The R2RML mappings are RDF graphs and written down in Turtle syntax. The SMS mappings can be translated to R2RML automatically. The following is the R2RML representation of the
prefix rr: <http://www.w3.org/ns/r2rml#>
prefix : <http://stardog.com/tutorial/>
prefix sm: <tag:stardog:api:mapping:>
:AlbumMapping
a rr:TriplesMap ;
rr:subjectMap [
rr:template "http://stardog.com/tutorial/Album{id}" ;
rr:class :Album
] ;
rr:predicateObjectMap [
rr:predicate :name ;
rr:objectMap [ rr:column "name" ]
] ;
rr:predicateObjectMap [
rr:predicate :date ;
rr:objectMap [ rr:column "release_date" ]
] ;
rr:predicateObjectMap [
rr:predicate :artist ;
rr:objectMap [ rr:template "http://stardog.com/tutorial/Artist{artist}" ]
] ;
rr:logicalTable [ rr:tableName "Album" ] .

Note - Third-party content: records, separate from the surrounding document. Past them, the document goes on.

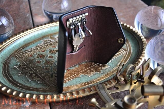 イタリアンレザー・革新のプエブロ・キーケース(ネイビー×ショコラ)
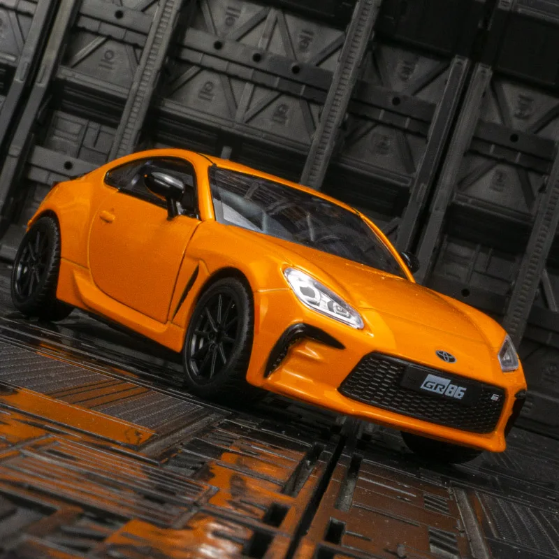 This vibrant orange Toyota GR86 diecast model
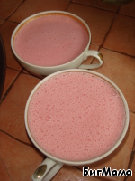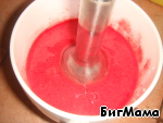 Клубнику взбиваю блендером с сахаром в пышную массу. Можно использовать мороженую ягоду. -
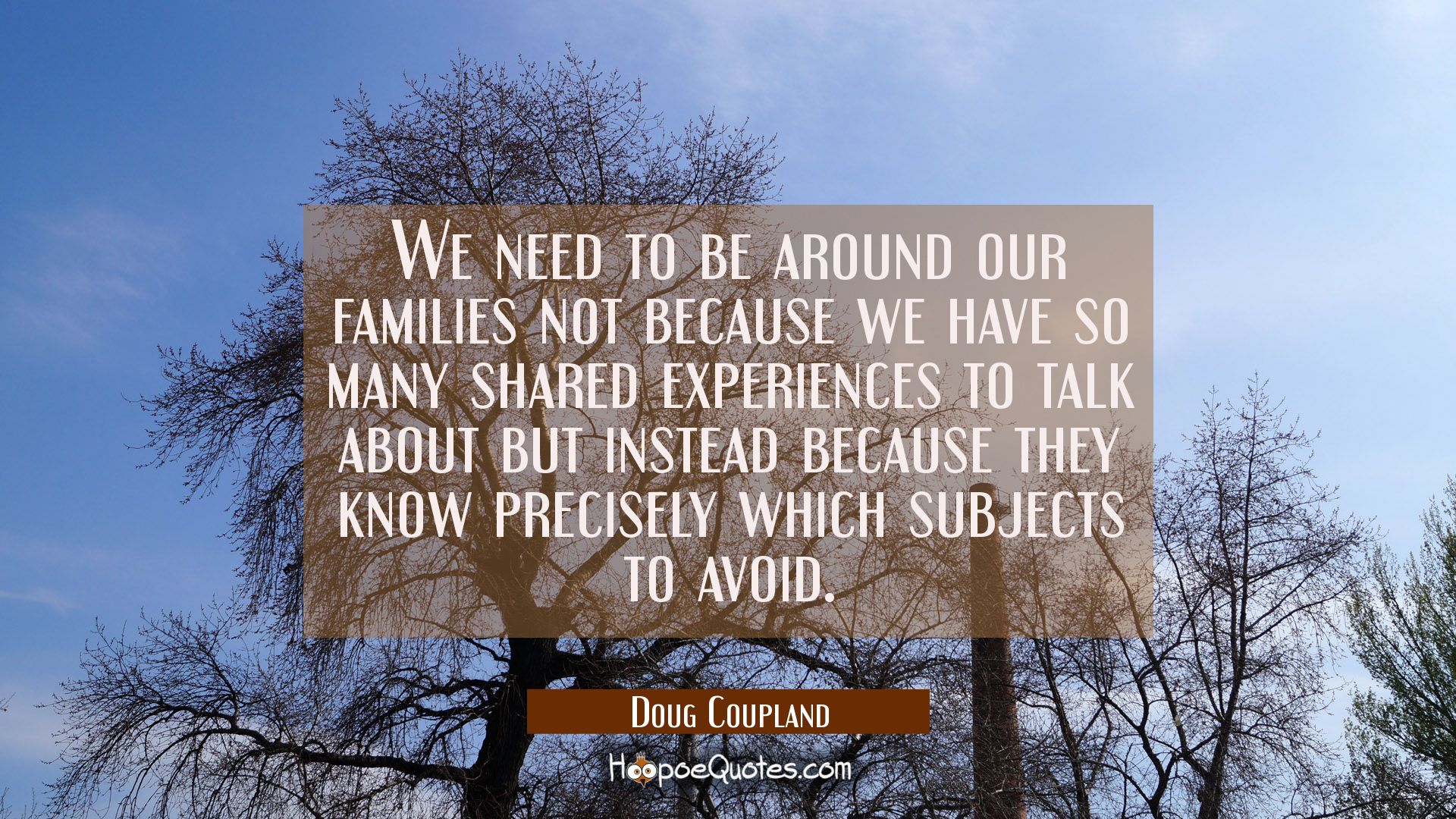 We need to be around our families not because we have so many shared experiences to talk about but instead because they know precisely which subjects to avoid.

In R2RML there is an explicit RDF node typed as a rr:TriplesMap
for each triples map. Each triples map has exactly one rr:subjectMap
providing the IRI template for the subject and optionally a rr:class
triple specifying the type of the mapped node. In R2RML, there is a rr:predicateObjectMap
triple that corresponds to each triple in SMS.
Full mappings in R2RML syntax is in the tutorials github repository. More information about R2RML syntax can be found in the R2RML specification.